O Plano Brady, apresentado pelo novo Secretário do Tesouro norte-americano,
representa um passo importante, ainda que tardio e incompleto, no sentido de resolver a crise da dívida externa dos países altamente endividados. Com o início do governo Bush, a posição oficial dos países credores em relação à divida, sempre sob o comando do governo dos Estados Unidos, entra agora definitivamente em sua terceira fase.
A primeira fase, definida a partir do diagnóstico equivocado de que se tratava
simplesmente de um problema de liquidez, foi a da proposta de austeridade, ou, mais precisamente, da solução convencional de combinar financiamento com ajustamento austero. A segunda fase, a partir de 1985, foi a do Plano Baker, que pretendia aumentar o financiamento (não o logrou) e propor, além das políticas de ajustamento de curto prazo, reformas estruturais de sentido liberalizante, que, implementadas no México, pouco resultado trouxeram por enquanto.
O retumbante fracasso do Plano Baker levou o governo dos Estados Unidos, a
partir do final de 1987, depois de recusar uma proposta do Brasil exatamente nesse sentido, a começar a admitir, mas de forma muito limitada, a securitização da dívida, ou seja a conversão da dívida em novos títulos capturando parte do desconto existente no mercado financeiro secundário. Permitiu-se, exclusivamente, como aconteceu no caso do projeto México-Morgan, a securitização "voluntária", decidida exclusivamente no mercado, proibindo-se que a securitização fosse "negociada", fosse o resultado de uma negociação que em seguida obrigaria os bancos. Proibiu-se também que o Banco Mundial - que estava interessado em agir nessa área - desse qualquer tipo de garantia aos novos títulos, nos termos que o Brasil e o México solicitaram.
A novidade do Plano Brady, apesar de toda a indefinição em que está envolto, é
a de permitir e estimular o Banco Mundial e o FMI a oferecerem garantias aos novos títulos com desconto que seriam emitidos pelos países altamente endividados. Em seu discurso na Brookings Institution, o secretário Nicholas Brady insistiu que a securitização deveria ser feita no mercado, de forma voluntária, mas lembrou que as negociações deverão ser realizadas segundo parâmetros estabelecidos pelo Banco e pelo Fundo. Disse também que as duas instituições deveriam usar recursos próprios, mas deixou entrever que os demais países credores, especialmente o Japão, deverão participar da constituição de um fundo para permitir o suprimento de garantias. Acentuou que a redução da dívida só seria assegurada a quem se conformasse às condicionalidades estabelecidas pelas duas instituições, entre as quais salientou as "reformas estruturais". Estas condicionalidades terão que ser discutidas pelos países devedores, há nelas um vezo neoliberal incompatível com a realidade desses países, mas não há dúvida de que há nelas muito de muito razoável, que, com uma efetiva redução da dívida, deixará de se constituir em política de ajustamento self-defeating e poderá ser implementada.

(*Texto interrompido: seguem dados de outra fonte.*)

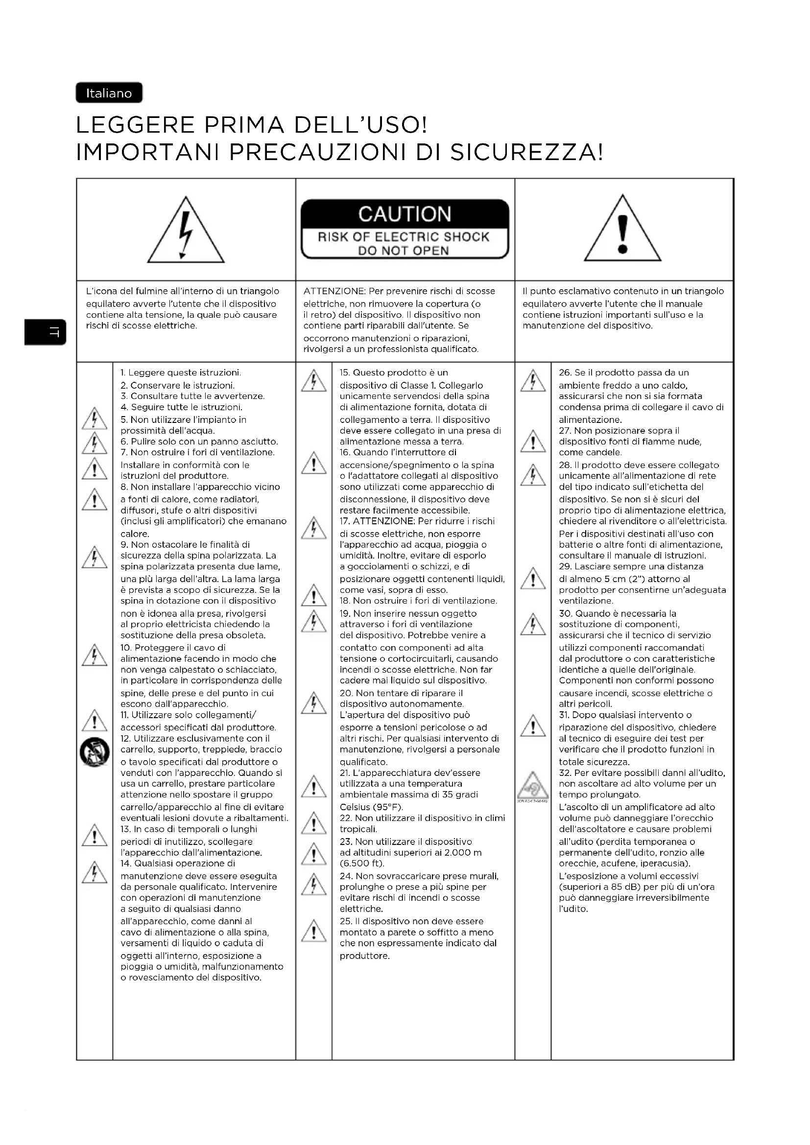 32. Per evitare possibili danni all’udito,
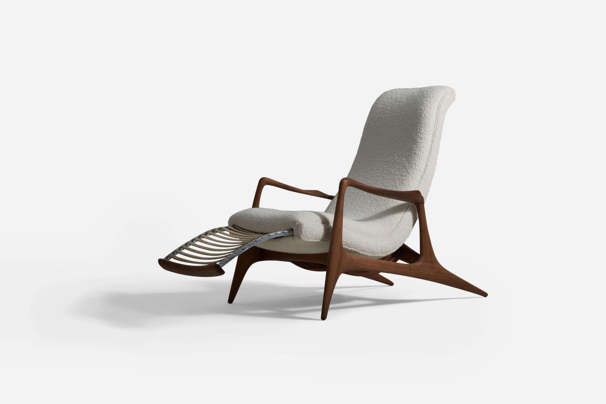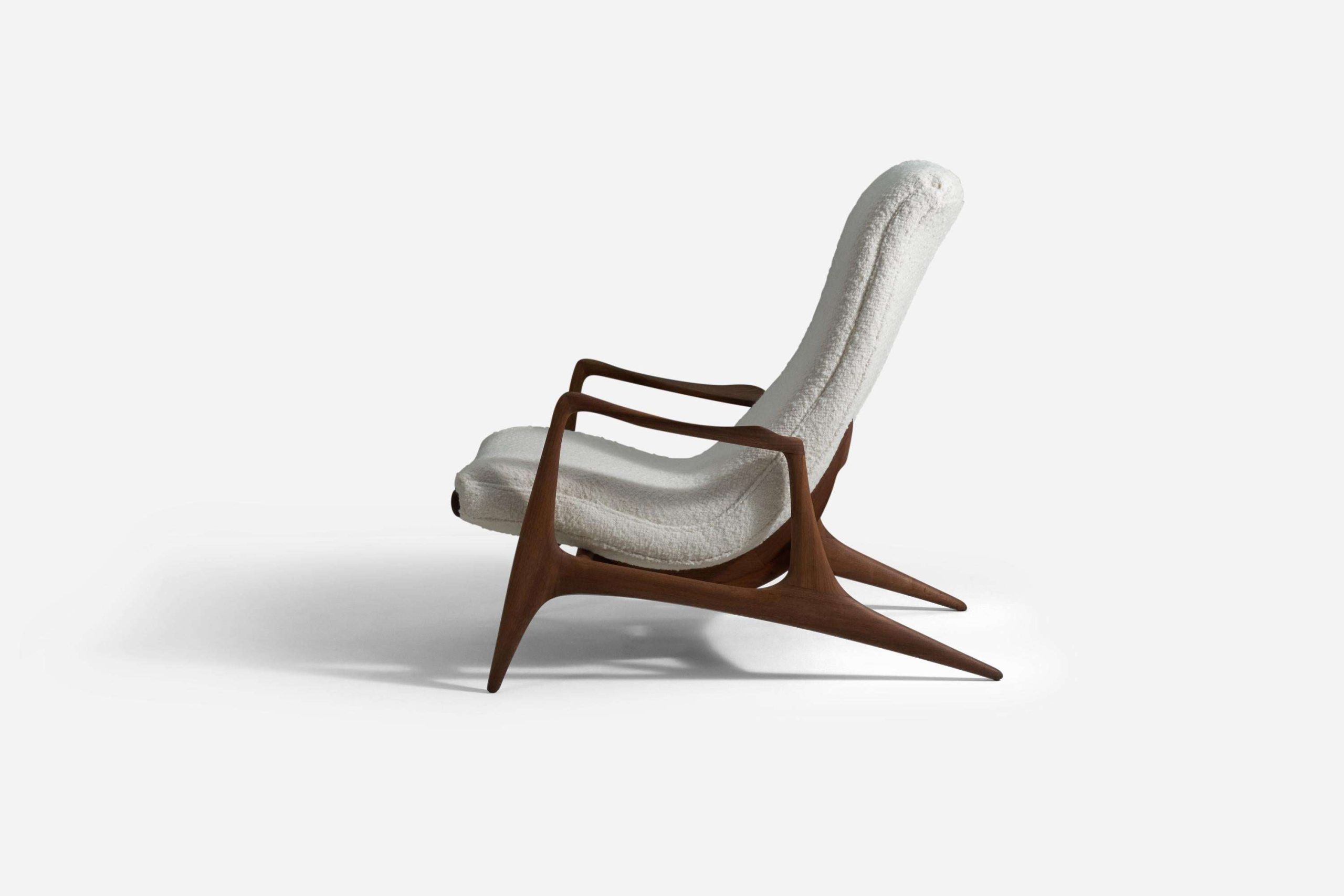 The Vladimir Kagan Lounge Chair, Walnut, White Bouclé, by Kagan-Dreyfuss, Inc., crafted in the USA circa 1950, measures 91.44 cm high, 68.58 cm wide, and 101.6 cm deep, embodying mid-century modern design with innovative elegance. This early adjustable chair features a finely carved walnut frame with a retractable footrest and a recently reupholstered high-end bouclé fabric, blending sculptural form with comfort. Branded for authenticity, it serves as a striking accent for any living room or lounge.

O problema é saber agora se o Plano Brady permitirá efetivamente que os
países altamente endividados consigam a redução de aproximadamente 50 por cento em sua dívida externa de que necessitam. Apenas através do plano isto não será possível, devido à insistência em securitização "voluntária" para cada banco, via mercado. Uma securitização só será plenamente bem sucedida ser for negociada e, uma vez negociada, obrigatória para todos. Deverá ficar claro que os bancos que não aderirem nada receberão. Deixar a adesão ao esquema de forma totalmente voluntária é levar os bancos mais fortes a ficar "por último" de forma a afinal não concederem o desconto.
De qualquer forma temos um avanço importante com o Plano Brady. Os
credores reconhecem o fracasso das estratégias anteriores e autorizam o Banco e o Fundo a concederem garantias para a redução da dívida. Essa idéia deixou agora, oficialmente, de ser "inaceitável", um "non starter" para os países credores. Mas a crise da dívida está longe de estar solucionada. Enquanto se quiser limitar a garantia a esquemas "voluntários", nos quais ao mercado cabe a última palavra, não haverá solução para a crise. Mas com este plano abre-se uma nova oportunidade aos países devedores para agir com firmeza e habilidade. Agora é possível para esses países estabelecer planos de securitização global da dívida em comum acordo com o Banco e o Fundo, e depois exigir que todos os bancos que queiram receber seus créditos participem do plano. Desta forma está aberto um caminho claro para a solução efetiva da crise da dívida externa. Entretanto, para que e esta solução, tímida mas claramente legitimada pelo Plano Brady, se torne realidade a possibilidade de os países altamente endividados tomarem medidas unilaterais continuará a ser essencial.